Copper mining existed along the Keweenaw for almost 150 years (roughly between 1850 and 1995) During this time the technology, architecture, equipment, and environment changed significantly. The remains of the Mohawk #1 and its brothers represent the 2nd generation of Copper Mines on the Keweenaw. It was born from everything learned and lost by copper mines before it, and passed on that heritage to those mines that followed. This rockhouse’s unique design was a reaction to that heritage, and it was but a stepping stone to the lineage’s end result: the Kingston.
The first shafts houses were small and weak, built from wood and rising only two to three stories above the ground. These buildings only served to cover the head frame, with no crushing or sorting to think of. Here is a shot from the Hecla mine, showing the elevated shaft house on the right and the engine house to the left. The shaft itself sat open and exposed to the elements to the right of the photo. The raised tramway connect to it served to remove the rock brought up from the mine to a centralized crushing plant – the first rockhouses.
Soon the idea of a centralized rockhouse was quickly replaced by a shaft-specific one, built near the shaft itself. The shaft also became covered by its own dedicated building, called a collar house. Pictured here is a Calumet Mine shaft (you can see the smokestack to the far right that is still standing near the school today) showing the loading area at its base, which had become necessary with the addition of the rockhouse.

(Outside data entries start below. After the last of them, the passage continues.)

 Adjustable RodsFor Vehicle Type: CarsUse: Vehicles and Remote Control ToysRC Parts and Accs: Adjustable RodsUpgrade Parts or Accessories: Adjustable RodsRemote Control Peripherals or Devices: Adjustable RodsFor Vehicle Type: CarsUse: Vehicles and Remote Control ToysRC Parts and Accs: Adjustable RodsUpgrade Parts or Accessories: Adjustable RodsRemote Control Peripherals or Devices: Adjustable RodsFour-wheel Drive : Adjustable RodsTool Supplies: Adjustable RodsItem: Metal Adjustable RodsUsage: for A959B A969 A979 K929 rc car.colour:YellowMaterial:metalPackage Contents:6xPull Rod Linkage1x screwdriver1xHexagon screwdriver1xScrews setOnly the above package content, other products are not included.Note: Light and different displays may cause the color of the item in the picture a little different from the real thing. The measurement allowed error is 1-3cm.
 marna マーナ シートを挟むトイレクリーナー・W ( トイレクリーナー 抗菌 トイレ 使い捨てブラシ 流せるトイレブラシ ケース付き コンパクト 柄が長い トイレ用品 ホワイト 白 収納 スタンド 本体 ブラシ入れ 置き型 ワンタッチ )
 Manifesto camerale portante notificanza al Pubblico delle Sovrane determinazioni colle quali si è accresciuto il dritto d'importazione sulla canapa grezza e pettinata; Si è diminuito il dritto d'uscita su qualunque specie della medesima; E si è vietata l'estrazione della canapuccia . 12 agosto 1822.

With the new collar house / rock house combination, the distinction between the shaft and the rock-house began to blur. Soon not only the collar was covered, but also the skip road as well. Here is a structure from the South Kearsarge (maybe), showing how complex these buildings were becoming. If you look closely at the roof above the skip road, you can see the vents used to allow air to enter or leave the shaft.

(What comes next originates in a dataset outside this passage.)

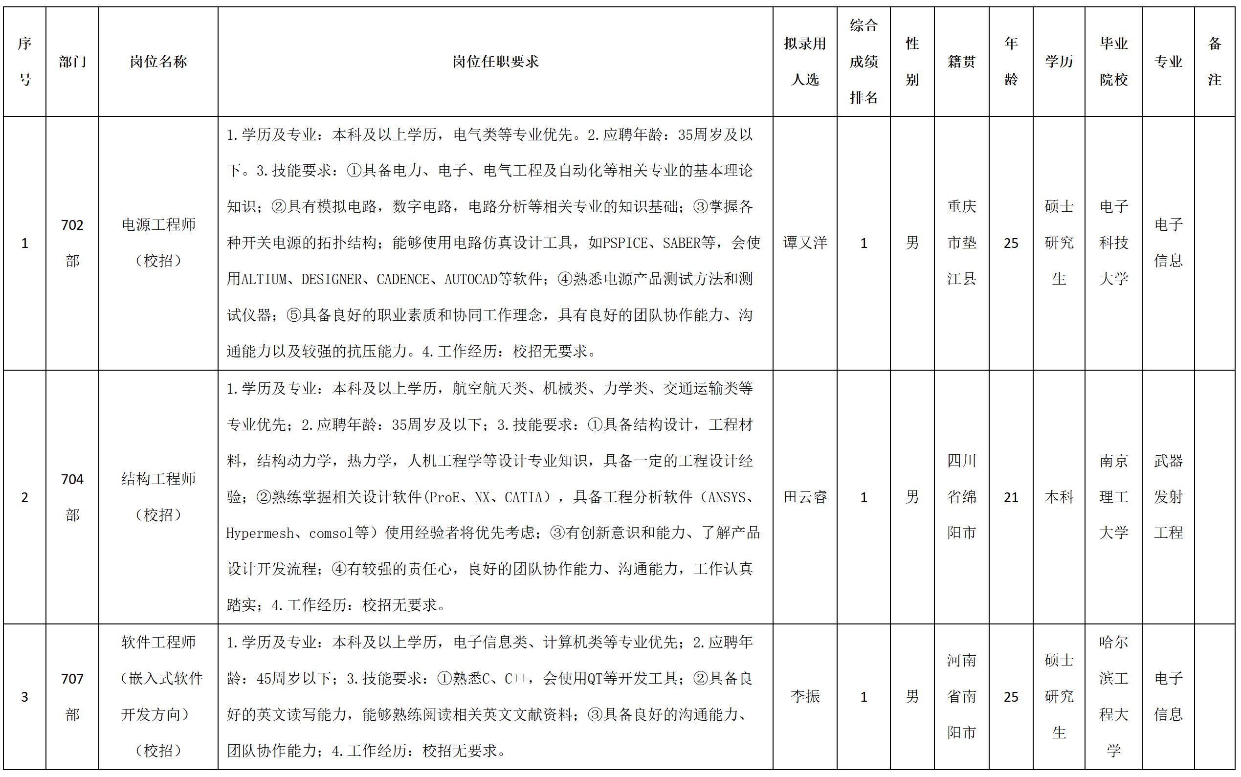 根據(jù)四川九洲電器集團(tuán)有限責(zé)任公司發(fā)布的招聘公告及招聘相關(guān)規(guī)定,經(jīng)測試、考察、體檢等程序,擬錄用譚又洋等3名同志到四川九洲電器集團(tuán)有限責(zé)任公司工作,現(xiàn)予以公示,具體情況如下:
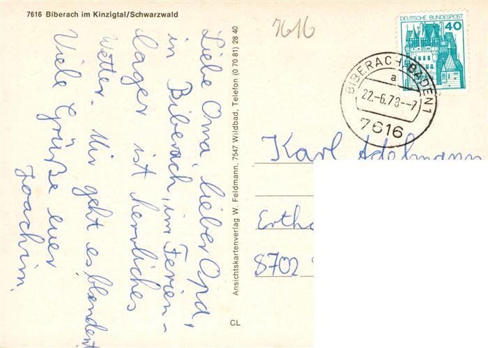 73930483 Biberach Kinzigtal Baden Panorama Erholungsort im Schwarzwald Kirche Landschaft Wandern Freibad postalisch gelaufen Erhaltung siehe scans [FriedD77] alte Postkarte Frie Katcode 11110008317011

While most shafts along the Keweenaw followed the dip of its lode, this shaft represents the half brother in the family. Tamarack #2 – pictured here – was completely vertical, requiring a new approach in shaft / rockhouse design. For the first time the collar house, rock house, and head-frame were all connected into one large building.
While other mines were built up and rebuilt as technology and methods changed, the shafts at Quincy seemed to have simply been added on to – multiple times. While looking a little makeshift, the blending of the shaft and rock house here at Quincy #6 represented the future.

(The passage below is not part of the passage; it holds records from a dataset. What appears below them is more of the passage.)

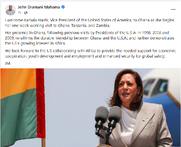 In a Facebook post to welcome Harris to Ghana on Monday, March 27, 2023, Mr. Mahama said the visit, which follows previous ones by US Presidents in the past, further demonstrates US’s growing interest in Africa.
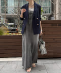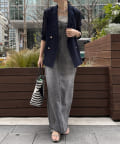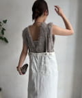 裾はさりげないフリンジデザインになり、バックスリットが入っているため足さばきもサポート。
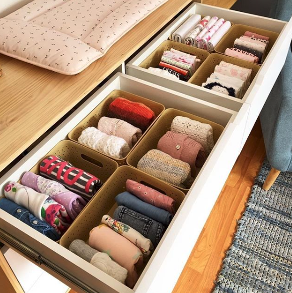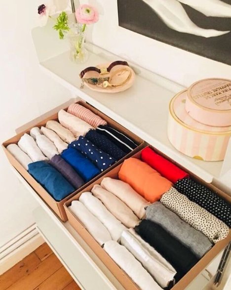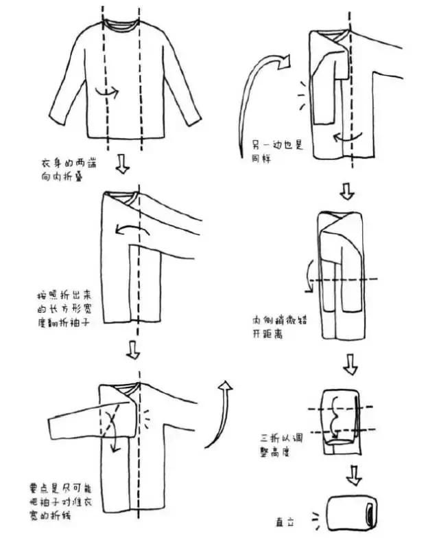 而近藤麻理惠對收納衣服很有一套,她平時都會用「豆腐磚摺衫法」來收納衣物,這樣做除了能讓衣服整齊排好外,還能節省衣櫃一半的空間,而這個方法也能應用在行李上,大家去旅行就不用怕行李位不夠了!
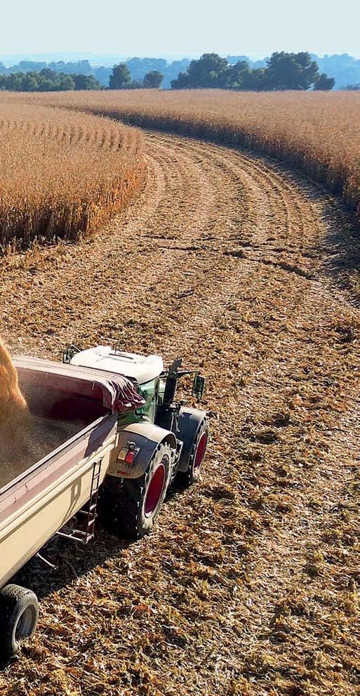 mente hidráulico y un corncracker de 310 mm de diámetro que garantiza una rotura del grano excepcional. Su sistema de transmisión permite gestionar de forma independiente y variable los accesorios frontales, lo que optimiza el uso de cabezales como el PICK UP o el propio ORBIS. Además, integra soluciones digitales de última generación como el NUTRIMETER, una cabina extremadamente silenciosa y un chasis diseñado para ofrecer tracción máxima protegiendo la estructura del suelo.
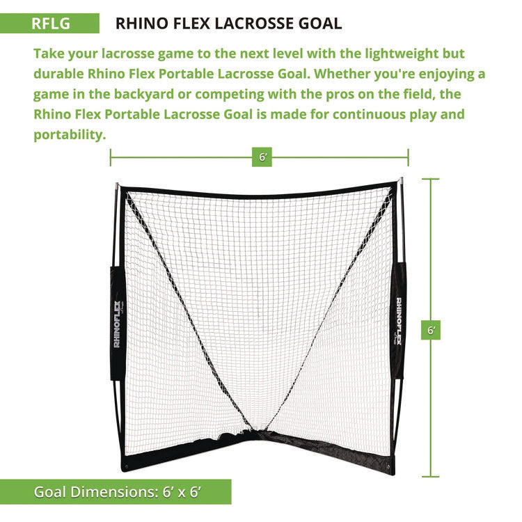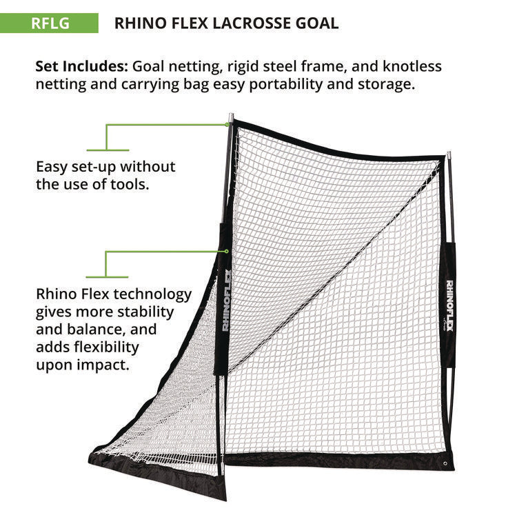 Take your lacrosse game to the next level with the lightweight but durable Rhino® Flex Portable Lacrosse Goal. Whether you're enjoying a game in the backyard or competing with the pros on the field, the Rhino® Flex Portable Lacrosse Goal is made for continuous play and portability. The Rhino® Flex technology gives more stability and balance to the net, adding flex action upon impact! Use it as a backstop, barrier net or for field division. The Rhino® Flex also is easy to set-up and take down, without the use of tools. The goal includes a convenient travel bag for easy portability and storage. Length: 6 ft; Width: 6 ft; Diameter: 1"; Material(s): Fiberglass; Net; Steel.
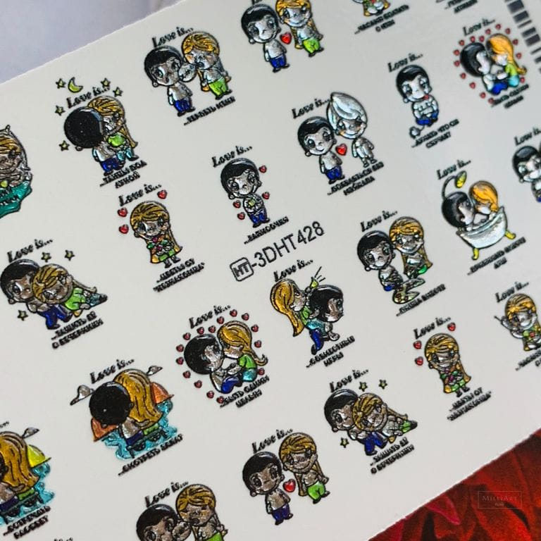 ANNA TKACHEVA Water decal 3D Crystal HT3D428, 1 pz. Istruzioni per l'uso: 1. Effettuare una preparazione standard della lamina ungueale.2. Selezionare il modello appropriato, tagliare l'immagine alla dimensione dell'unghia. 3. Applicare la base,polimerizzare. Applicare uno strato sottile del semipermanente bianco, se richiesto dal design del water decal. Polimerizzare. 4. Applicare uno strato sottile della base. Non polimerizzare. 5. Mettere il water decal su un disco di cotone inumidito con acqua calda (non fredda!) Per circa 10-15 secondi. Spostarlo trasferendo la pellicola sull'unghia. Raddrizzare la pellicola, tirando leggermente verso l'alto il bordo libero. Distendere con cura le pieghe, estraendo i resti di aria e acqua con un panno morbido, un pennello piatto o con le dita. Polimerizzare a tempo pieno. (UV - 2 min, led -30-60 sec). 6. Utilizzando la lima fine, dall'alto verso il basso, rimuovere delicatamente la pellicola in eccesso dal bordo libero dell'unghia. 7. Coprire 2 volte con il top coat, ben sigillando il bordo libero.
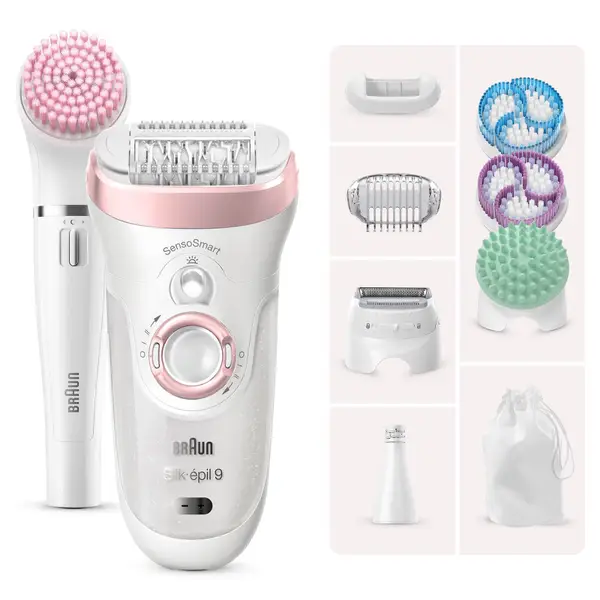 The Braun Silk-épil 9 9-985 Beauty Set features a deluxe 9-in-1 hair removal kit for the face and body. Equipped with a wide head epilator and FaceSpa, the set offers epilation, shaving, trimming and exfoliation.

The polished and revised generation came on the scene with the completion of the Quincy #2 shaft/rockhouse. A perfect combination of design and technology, the #2 survives today as a shinning example of copper country shaft design. As a bonus its made from steel, making it virtually fire proof.
Perhaps not an improvement, but the impressive North Kearsarge #1 made up for it in sheer size. Over 10 stories tall, this rock house was almost as tall as the ME-EM building at Michigan Tech. Also interesting here is how the hoist ropes must make an almost 180 degree turn back on itself to return to the hoist after leaving the shaft. (the hoist building is to the left)
By the time the mines were dying off, and the lineage had run its course, C&H took one last stab at making a better shaft / rock house. As the costs of mining began to soar, mine infrastructure needed to be done for cheap. The answer was minimalist, bleak, and pre-fabricated structures such as the Kingston (pictures here). There’s a reason the Centennial, Osceola, and Gratiot all looked like the Kingston. That’s because they were of the exact same design. Mass production claims yet another form of individualism.